Unfortunately Carbide 3D support said they are “closed source” so they do not provide any information regarding their control board for the probe… their position is their board has “custom electronics” to work with their bitzero as a plug and play probe.
Which, fine… I guess that’s their position to take but they actually had a document online regarding the probe wiring before they updated their board and they’ve since removed it from their site. As I told their support - I will be better informed in the future when I decide to purchase from vendors. I’m not sure what they believe they benefit from by not publishing information on something like a probe interface but it is what it is.
So let’s talk about what it does. I have a Pro XXL machine with the 3.0b revision control board. This board has a little 3 pin connector that is silkscreened “bitzero” and has 3 wires (red, black, white)

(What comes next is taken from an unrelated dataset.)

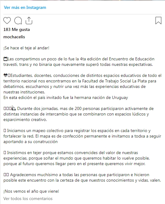 A finales de septiembre pasado impulsaron, junto a otras entidades, el 4to. Encuentro de Educación Travesti Trans y No Binaria en la localidad bonaerense de La Plata. Trabajadores de la educación y estudiantes se reunieron en dos jornadas para debatir sobre la realidad educativa y el acceso a la educación en la región. Participaron funcionarios, como la ministra de Mujeres y Diversidad de la provincia, Estela Díaz; y autoridades de la Universidad Nacional de La Plata y de la Universidad Nacional de Avellaneda; entre otres.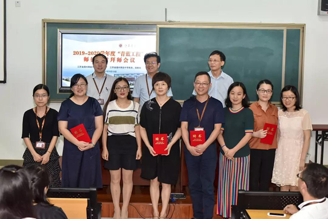 教务处赵建华主任首先介绍并解读了我校“青蓝工程”活动方案,宣读了师徒结对名单,见证了郑重的结对拜师仪式。季仲平校长充分肯定了我校优秀教师近年来在教育教学、教育科研等方面取得的成绩,并为各位师父颁发了聘书,随后学校领导与结对师徒合影留念。

These wires correspond to +5v dcc, ground, and signal (low/high nominally open). So when the bitzero is triggered, it sends 5v over the signal wire which normally carries no current. That voltage change is what triggers the boards “probe” and on my board a small blue led illuminates.
The first step for me, was to make their existing probe harness something that I can use for multiple probes. The PGFUN probe came with a locking 3 wire lever nut splicer. I added a little double sided tape to secure it, and spliced the probe wires into this. To allow me to quickly connect the different probes I purchased some 3 pin automotive wiring connectors. Here’s the basic setup for the connectors:
Lever nut splicer hooked to the probe harness wire coming from the board:
Quick connect female so I can swap probes:
My bitzero cable with the male connector:
Now, the PGFUN touch probe is stated to run off 5-24v … I have not yet been able to power it using the 4.99 VDC coming from the control board. I have been able to power it using 12v dc. It’s also important to buy the right touch probe… they have two versions - a nominally open version and a nominally closed version. I actually bought the wrong one (the closed version) so instead of low/high, it’s high/low. I have the correct one coming.
If I cannot get the touch probe to operate off of the ~5v from the control board, I will power it separately with 12v. Because carbide would not disclose whether their probe circuit can handle current above 5v - rather than take a chance, I will install a 50 cent voltage regulator. This will take anywhere from 5 - 32v and output ~5v. I will wire that inline with the signal wire from the touch probe. That will give me some assurance that I won’t overload anything on the carbide controller board.
I will follow up with more details once I get the new probe in and finalize the wiring. I expect that if I can send 5v to the signal terminal on the carbide probe circuit that everything should work just fine.